El americano Mike Mangold (Equipo Cobra) ganó la carrera del Red Bull Air Race World Series celebrada en Budapest, venciendo a su compatriota Kirby Chambliss (Equipo Red Bull) en una emocionante prueba sobre el río Danubio presenciada por medio millón de espectadores. Mangold logró su tercera victoria en lo que va de temporada y también el liderato en la clasificación general, hasta ayer en manos del británico Paul Bonhomme (Equipo Matador).
Mangold, ganador de las Red Bull Air Race World Series en 2005, impresionó al público que se había acercado a las orillas del Danubio para celebrar la fiesta nacional de Hungría con una ronda impecable a través de un circuito compuesto por 15 puertas, que comenzaba y terminaba con una pasada espectacular por debajo del famoso Puente de las Cadenas. Mangold consiguió un tiempo de 1:12.85. Paul Bonhomme obtuvo el tercer puesto.“Hemos ganado 2 carreras seguidas pero aún quedan otras tres, así que tenemos que mantener esta racha.

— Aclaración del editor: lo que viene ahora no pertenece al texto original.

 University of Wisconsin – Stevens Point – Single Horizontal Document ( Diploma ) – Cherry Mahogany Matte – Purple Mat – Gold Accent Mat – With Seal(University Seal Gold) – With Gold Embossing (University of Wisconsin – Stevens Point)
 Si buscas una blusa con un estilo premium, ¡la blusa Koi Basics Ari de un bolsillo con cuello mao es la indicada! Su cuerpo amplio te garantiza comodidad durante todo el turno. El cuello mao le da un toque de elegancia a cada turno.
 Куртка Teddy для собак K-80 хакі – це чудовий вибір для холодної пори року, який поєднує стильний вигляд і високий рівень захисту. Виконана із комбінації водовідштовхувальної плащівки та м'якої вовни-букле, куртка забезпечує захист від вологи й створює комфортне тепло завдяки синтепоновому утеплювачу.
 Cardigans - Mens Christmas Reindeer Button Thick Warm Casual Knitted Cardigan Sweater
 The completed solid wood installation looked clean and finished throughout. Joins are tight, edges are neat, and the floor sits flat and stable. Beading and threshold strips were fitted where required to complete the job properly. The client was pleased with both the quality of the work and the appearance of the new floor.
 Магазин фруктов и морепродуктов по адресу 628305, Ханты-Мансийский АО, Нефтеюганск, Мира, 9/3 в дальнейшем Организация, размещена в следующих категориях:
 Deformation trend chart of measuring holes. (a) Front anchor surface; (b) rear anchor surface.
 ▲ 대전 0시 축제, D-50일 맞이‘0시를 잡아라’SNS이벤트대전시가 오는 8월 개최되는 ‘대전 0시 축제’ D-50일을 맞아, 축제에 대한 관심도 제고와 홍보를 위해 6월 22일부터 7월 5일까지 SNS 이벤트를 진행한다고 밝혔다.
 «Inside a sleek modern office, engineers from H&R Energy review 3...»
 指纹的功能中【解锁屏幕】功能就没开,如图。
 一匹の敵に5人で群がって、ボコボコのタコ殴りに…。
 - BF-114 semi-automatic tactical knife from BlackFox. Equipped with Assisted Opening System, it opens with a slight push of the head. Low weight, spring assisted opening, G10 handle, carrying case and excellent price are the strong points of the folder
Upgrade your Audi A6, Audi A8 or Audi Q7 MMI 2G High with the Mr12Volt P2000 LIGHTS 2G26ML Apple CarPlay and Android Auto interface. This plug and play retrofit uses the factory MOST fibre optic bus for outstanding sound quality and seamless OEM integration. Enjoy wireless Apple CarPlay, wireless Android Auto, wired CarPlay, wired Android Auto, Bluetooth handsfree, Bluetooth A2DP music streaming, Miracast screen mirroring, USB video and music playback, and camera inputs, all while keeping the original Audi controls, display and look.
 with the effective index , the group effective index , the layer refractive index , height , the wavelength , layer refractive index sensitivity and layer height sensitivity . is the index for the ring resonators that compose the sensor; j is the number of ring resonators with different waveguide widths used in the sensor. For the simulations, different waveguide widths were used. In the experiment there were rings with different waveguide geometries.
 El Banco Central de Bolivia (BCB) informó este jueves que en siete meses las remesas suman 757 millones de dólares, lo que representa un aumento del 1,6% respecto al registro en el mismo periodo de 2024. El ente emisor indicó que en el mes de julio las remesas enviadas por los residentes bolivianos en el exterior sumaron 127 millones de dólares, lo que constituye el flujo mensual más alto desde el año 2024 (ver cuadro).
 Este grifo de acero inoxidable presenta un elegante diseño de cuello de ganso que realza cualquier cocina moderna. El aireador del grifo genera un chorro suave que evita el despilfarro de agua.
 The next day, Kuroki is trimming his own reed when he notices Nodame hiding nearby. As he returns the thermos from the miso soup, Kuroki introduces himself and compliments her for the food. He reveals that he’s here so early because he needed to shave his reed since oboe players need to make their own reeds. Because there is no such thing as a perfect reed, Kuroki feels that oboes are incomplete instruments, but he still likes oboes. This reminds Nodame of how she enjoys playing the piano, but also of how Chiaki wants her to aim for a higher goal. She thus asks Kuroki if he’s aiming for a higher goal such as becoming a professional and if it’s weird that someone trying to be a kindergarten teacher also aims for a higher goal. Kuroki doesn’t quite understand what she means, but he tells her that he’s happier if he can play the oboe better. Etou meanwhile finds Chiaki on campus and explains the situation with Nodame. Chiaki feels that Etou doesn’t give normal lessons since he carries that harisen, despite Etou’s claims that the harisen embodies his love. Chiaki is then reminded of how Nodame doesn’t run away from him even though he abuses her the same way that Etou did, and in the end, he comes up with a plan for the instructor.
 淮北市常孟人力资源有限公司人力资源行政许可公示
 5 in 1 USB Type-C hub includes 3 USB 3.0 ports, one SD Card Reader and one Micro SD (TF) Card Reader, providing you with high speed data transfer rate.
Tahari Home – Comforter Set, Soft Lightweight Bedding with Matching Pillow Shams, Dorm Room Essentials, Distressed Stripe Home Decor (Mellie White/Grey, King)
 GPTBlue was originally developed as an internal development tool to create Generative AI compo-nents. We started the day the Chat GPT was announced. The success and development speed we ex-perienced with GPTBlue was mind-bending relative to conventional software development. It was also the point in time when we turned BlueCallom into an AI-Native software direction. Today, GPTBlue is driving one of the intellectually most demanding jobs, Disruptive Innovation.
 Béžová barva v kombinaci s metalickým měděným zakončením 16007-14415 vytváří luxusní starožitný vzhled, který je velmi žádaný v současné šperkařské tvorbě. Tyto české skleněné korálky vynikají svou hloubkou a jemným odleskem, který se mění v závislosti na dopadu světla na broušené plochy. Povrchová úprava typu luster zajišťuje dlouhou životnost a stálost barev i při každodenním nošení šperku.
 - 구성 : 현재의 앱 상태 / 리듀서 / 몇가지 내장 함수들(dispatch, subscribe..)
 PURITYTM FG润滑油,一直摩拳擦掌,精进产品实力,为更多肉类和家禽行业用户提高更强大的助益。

Para esta carrera ajustamos un motor nuevo y va casi perfecto. Todavía tenemos que trabajar en una cosilla antes de la carrera de Oporto. El avión va francamente bien. Así que yo sólo tengo que volar bien y es fácil, el avión gana por mí”, comentaba Mangold.
Mike Mangold lidera ahora las Series con 36 puntos por delante de Bonhomme, la sorpresa de la temporada, que ahora queda relegado a segundo lugar, con 35 puntos, después de haber estado en cabeza durante prácticamente toda la temporada. Aunque su comienzo fue lento, Mangold ha ganado 3 de las cuatro últimas carreras: Estambul, Londres y Budapest.
Los 13 pilotos de la Red Bull Air Race alcanzaron velocidades de 400 km/h y fuerzas de hasta 10 G en las rondas eliminatorias, que volaron sobre el circuito de carrera que se extendía justo enfrente del Parlamento húngaro. Budapest ha marcado el comienzo de la fase decisiva de las Red Bull Air Race World Series. Las tres últimas pruebas de las Series Mundiales se disputarán en Oporto, San Diego y Perth.